> [What you have to do]: Set down, exactly as written, the lines from the top of the data to the line that holds "A modern, fully", and omit the pictures.

> [Source material]:
=-=-=-=-=
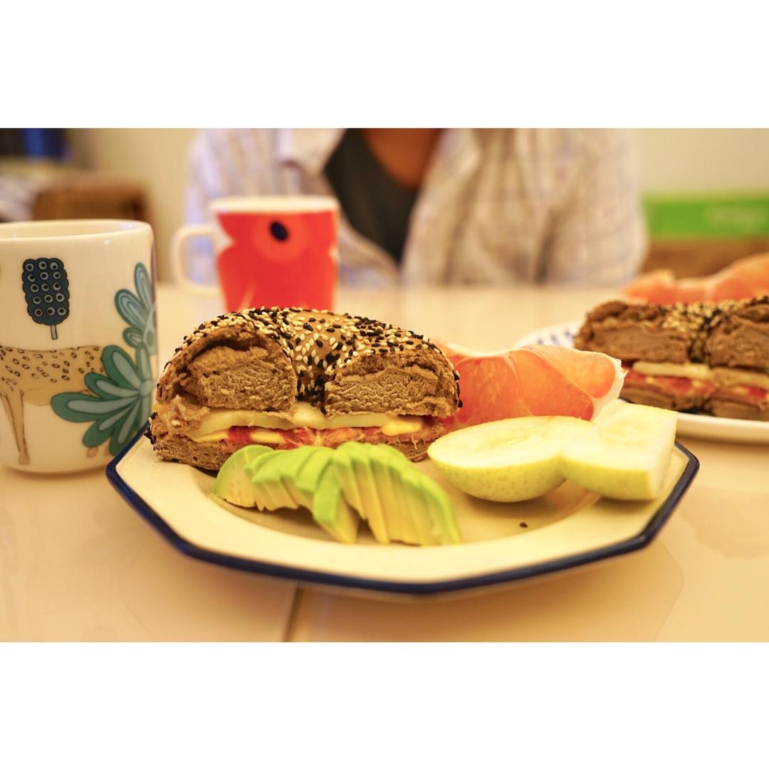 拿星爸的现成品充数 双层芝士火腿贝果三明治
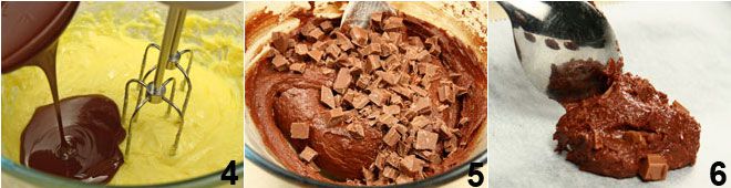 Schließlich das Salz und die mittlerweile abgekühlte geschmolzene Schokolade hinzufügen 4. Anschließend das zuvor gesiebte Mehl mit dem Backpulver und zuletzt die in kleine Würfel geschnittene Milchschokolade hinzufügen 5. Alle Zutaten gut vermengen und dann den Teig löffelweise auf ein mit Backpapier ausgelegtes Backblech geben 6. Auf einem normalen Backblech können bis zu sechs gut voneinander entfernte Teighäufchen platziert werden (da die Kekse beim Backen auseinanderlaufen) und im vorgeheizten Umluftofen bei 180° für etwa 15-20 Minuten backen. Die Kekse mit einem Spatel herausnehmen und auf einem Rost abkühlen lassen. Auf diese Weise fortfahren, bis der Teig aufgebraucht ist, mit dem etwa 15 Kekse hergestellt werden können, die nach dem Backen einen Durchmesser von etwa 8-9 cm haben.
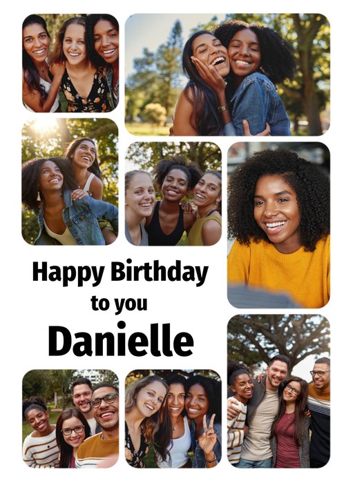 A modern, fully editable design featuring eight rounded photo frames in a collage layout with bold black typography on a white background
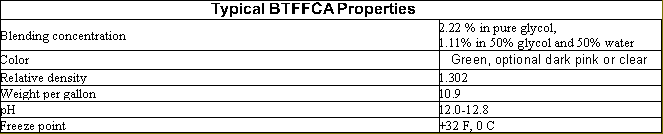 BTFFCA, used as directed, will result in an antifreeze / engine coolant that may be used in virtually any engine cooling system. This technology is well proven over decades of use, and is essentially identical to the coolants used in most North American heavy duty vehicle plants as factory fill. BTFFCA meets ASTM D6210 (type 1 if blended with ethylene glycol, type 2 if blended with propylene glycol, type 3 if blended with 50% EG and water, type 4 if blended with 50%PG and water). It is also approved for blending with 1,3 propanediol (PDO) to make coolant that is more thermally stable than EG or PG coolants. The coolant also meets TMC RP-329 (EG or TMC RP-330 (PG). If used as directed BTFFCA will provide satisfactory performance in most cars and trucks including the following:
=-=-=-=-=
> [Final answer]:
 拿星爸的现成品充数 双层芝士火腿贝果三明治
 Schließlich das Salz und die mittlerweile abgekühlte geschmolzene Schokolade hinzufügen 4. Anschließend das zuvor gesiebte Mehl mit dem Backpulver und zuletzt die in kleine Würfel geschnittene Milchschokolade hinzufügen 5. Alle Zutaten gut vermengen und dann den Teig löffelweise auf ein mit Backpapier ausgelegtes Backblech geben 6. Auf einem normalen Backblech können bis zu sechs gut voneinander entfernte Teighäufchen platziert werden (da die Kekse beim Backen auseinanderlaufen) und im vorgeheizten Umluftofen bei 180° für etwa 15-20 Minuten backen. Die Kekse mit einem Spatel herausnehmen und auf einem Rost abkühlen lassen. Auf diese Weise fortfahren, bis der Teig aufgebraucht ist, mit dem etwa 15 Kekse hergestellt werden können, die nach dem Backen einen Durchmesser von etwa 8-9 cm haben.
 A modern, fully editable design featuring eight rounded photo frames in a collage layout with bold black typography on a white background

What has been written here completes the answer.